# Cost of hiring horse for a days hunting?



## Vindicated (14 June 2011)

I don't have my own mount in order to go hunting this season, well, actually I do have a horse but he's too old now and I wouldn't get a decent day out of him. What kind of costs am I looking at to hire one?

Thanks


----------



## Happy Hunter (14 June 2011)

Depends where you are...


----------



## tractor (14 June 2011)

As above, we are in Essex and charge 100-150 per day.


----------



## Vindicated (14 June 2011)

I'm in Leicestershire and can hunt in nearby counties.


----------



## combat_claire (15 June 2011)

I have paid from £90-£180 for a day.

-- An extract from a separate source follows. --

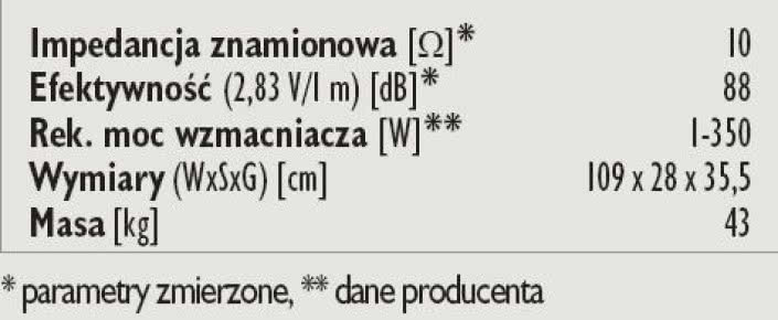 Trochę mnie rażą firmowe przechwałki - sporo w nich niekonsekwencji i dezynwoltury, charakterystyka nie osiąga wysokich not za zrównoważenie (a to mimo wszystko wciąż jedno z podstawowych kryteriów oceny, przynajmniej dla większości konstruktorów i użytkowników), jednak samo brzmienie dobrze broni wybranej koncepcji, stanowiąc nie tylko odważną, ale i ciekawą, pokazującą utracone gdzie indziej elementy, alternatywę dla kolumn "normalnych".

The lower end was in Cambridgeshire and the higher end on Exmoor. 

Try giving Julia Hyslop a ring, not sure if she is still in the hirelings business...

http://www.juliahyslop.com/hirelings.html


----------



## Vindicated (16 June 2011)

I phoned my local hunt and I was advised to start out with some Autumn hunting, which I also think is a good idea. Do I need to hire for just half a day?

Thanks


----------



## Rowreach (16 June 2011)

Rates are usually lower for autumn hunting than during the season proper.

Depending who you hunt with, you may hire one horse for a full day, or you may need to hire two and change in the middle (or one and do a half day).  I would expect in your part of the world you would be looking the higher end of the £100-£150 bracket, and don't forget you will have to pay cap and field money as well 

Hope you have fun, if you get a good hireling you will have a great time


----------